TASK ITEM => The records follow. Transcribe only the lines from the line containing "Step 2: calculate" through the end, both ends included, and leave out the pictures.

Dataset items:
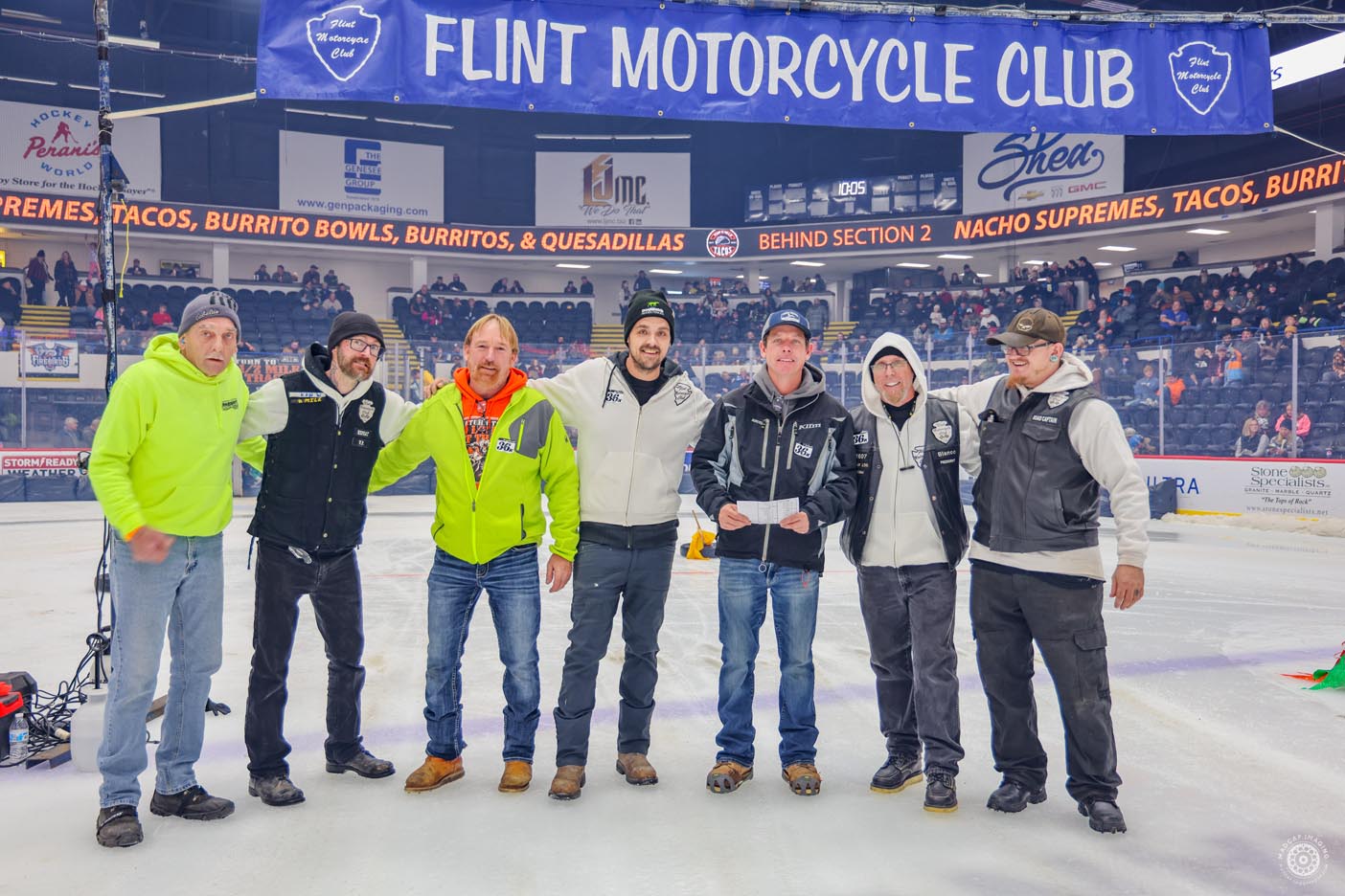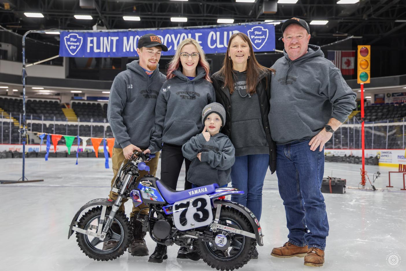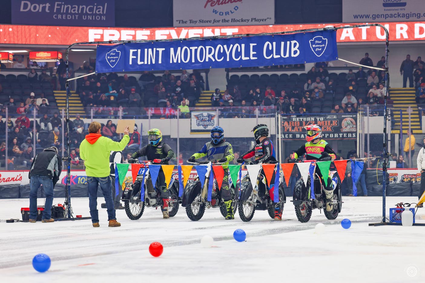 The event featured a patriotic opening ceremony and moving memorial tributes to two special supporters of both BBBS and the Greater Flint motorcycle community. John Zwerican, a lifetime AMA member, served as a rider rep and as president of Lucky Thumb Motorcycle Club, and was involved with Big Brothers/Big Sisters Ice Racing Series. Robert “Bob” Bois was a Big Brother for over 34 years, selflessly giving his time, wisdom and heart to six Little Brothers who, thanks to him, grew up with someone who believed in them. Bob’s dedication didn’t stop there; he joined the Board of Directors in 2006 and worked tirelessly to strengthen the organization, always advocating for what was best for the kids and the community he loved so much. He was a longtime supporter of the Flint Motorcycle Club and the indoor ice races.
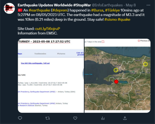 🇹🇷 An #earthquake (#deprem) happened in #Bursa, #Türkiye 10mins ago at 5:27PM on 08/05/2023 UTC. The earthquake had a magnitude of M3.3 and it was 10km (6.21 miles) deep in the ground. Stay safe! #sismo #quake
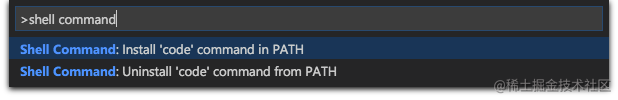 提示:对于Mac用户,我们需要通过设置使您能够从终端内启动VS Code.首选运行VS code并打开命令面板( ⇧⌘P ),然后输入 shell command 找到: Install ‘code' command in PATH 。
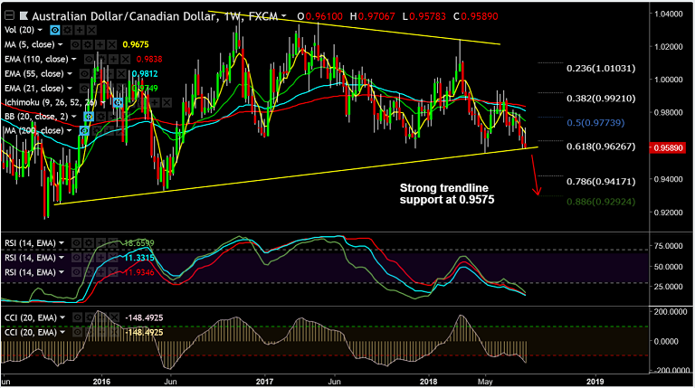 - Technical indicators are bearish. AUD/CAD has shown a breach at major trendline support at 0.9575.
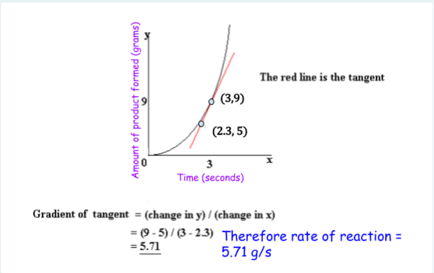 Step 2: calculate the _______ of the tangent using change in _______ (g) / change in _______
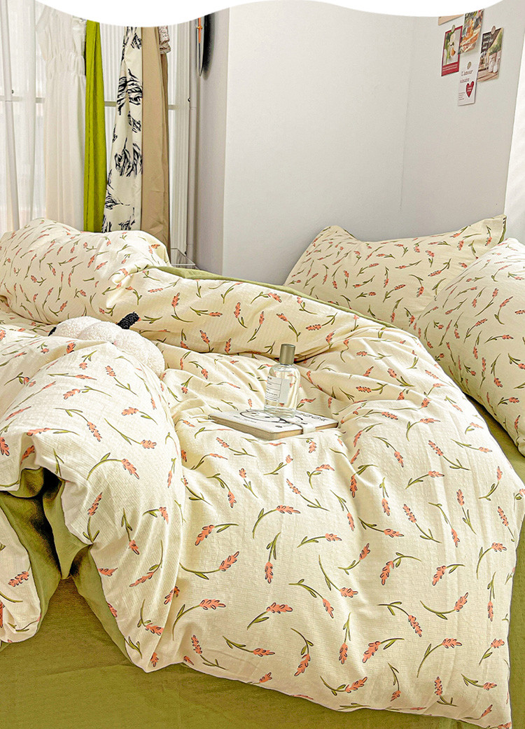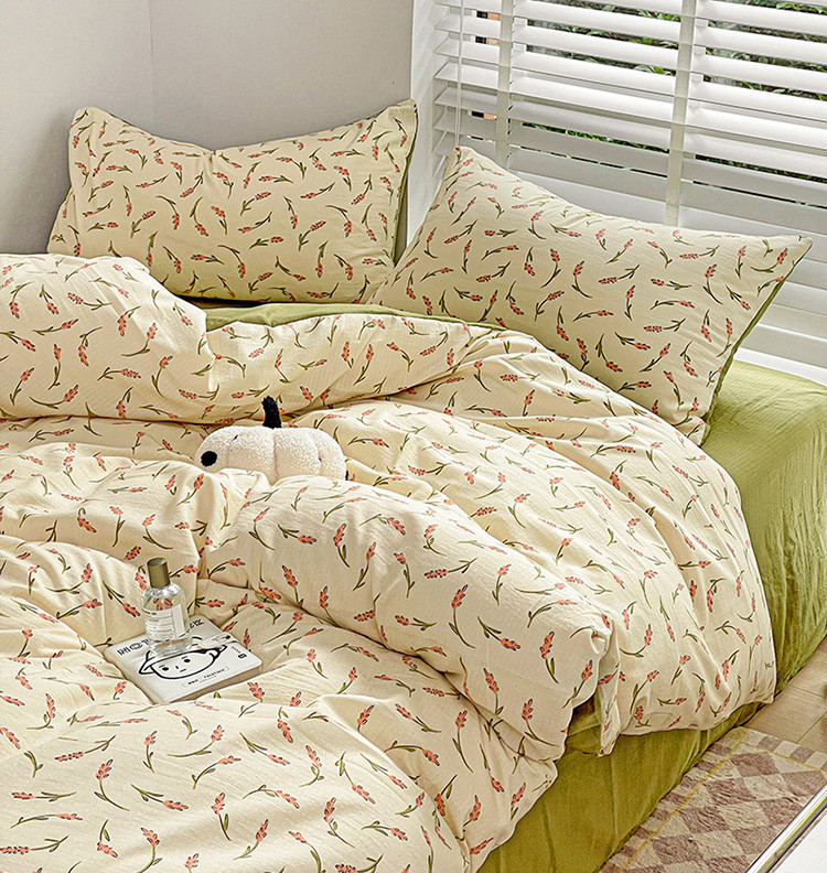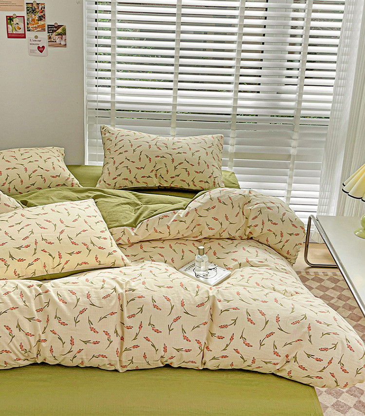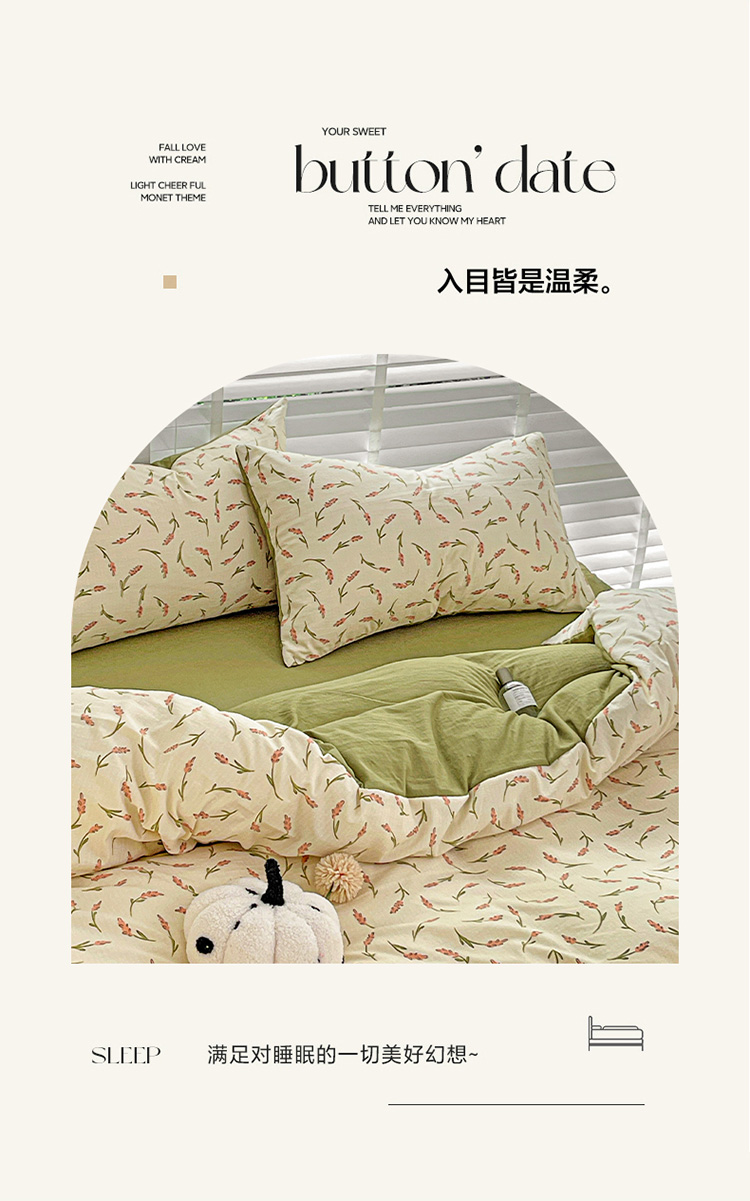 当前位置: 91家纺网 > 商品网购 > 床品套件 > 四件套 > 全棉普通四件套 > 暖芯优选2023新款超柔有氧小竺提花棉双层纱学生四件套 清风
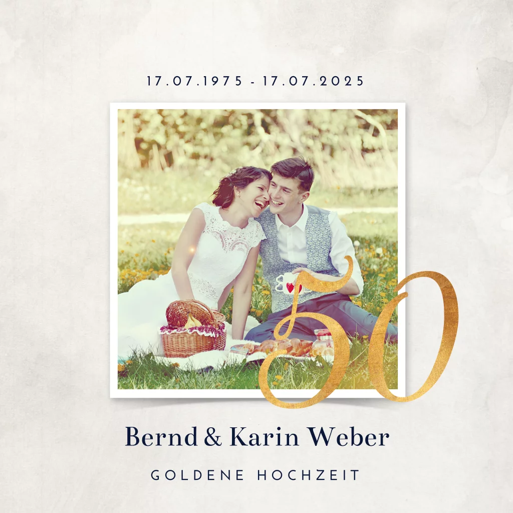 Schicke Einladung zur Goldenen Hochzeit mit Foto
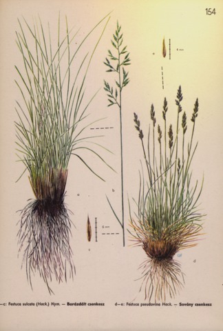 Festuca sulcata (Hack.) nym. - Barázdált csenkesz; Festuca pseudovina Hack - Sovány csenkesz.
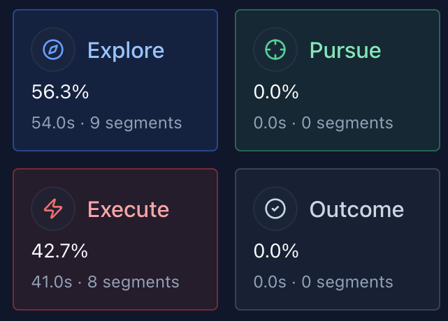 The system breaks the clip into exploration, execution, and outcome — so you can see how the player’s focus evolves over time.
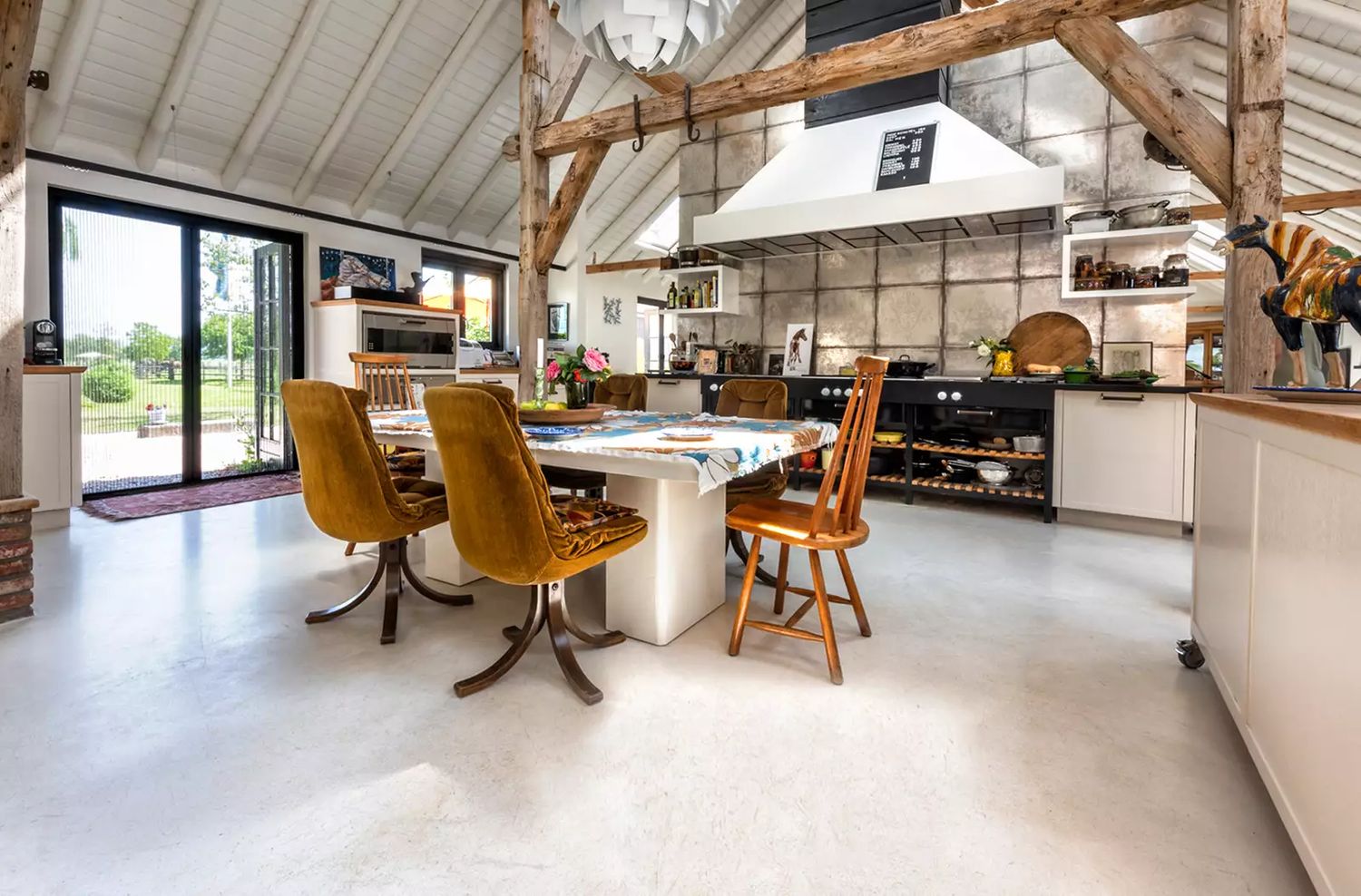 Het gaat niet over een enkele boerderij en de riante lap grond, ook betreft deze verkoop nog een studio en liefst vier bijgebouwen. Het totale terrein is met sloten omzoomd, heeft een eigen waterberging en op afstand bedienbare toegangspoorten. Soort Giethoorn, maar dan helemaal anders. Je hebt in totaal ruim 570 vierkante meter woonoppervlak om te doen en laten wat je wil.

RESPONSE AREA =>
 Step 2: calculate the _______ of the tangent using change in _______ (g) / change in _______
 当前位置: 91家纺网 > 商品网购 > 床品套件 > 四件套 > 全棉普通四件套 > 暖芯优选2023新款超柔有氧小竺提花棉双层纱学生四件套 清风
 Schicke Einladung zur Goldenen Hochzeit mit Foto
 Festuca sulcata (Hack.) nym. - Barázdált csenkesz; Festuca pseudovina Hack - Sovány csenkesz.
 The system breaks the clip into exploration, execution, and outcome — so you can see how the player’s focus evolves over time.
 Het gaat niet over een enkele boerderij en de riante lap grond, ook betreft deze verkoop nog een studio en liefst vier bijgebouwen. Het totale terrein is met sloten omzoomd, heeft een eigen waterberging en op afstand bedienbare toegangspoorten. Soort Giethoorn, maar dan helemaal anders. Je hebt in totaal ruim 570 vierkante meter woonoppervlak om te doen en laten wat je wil.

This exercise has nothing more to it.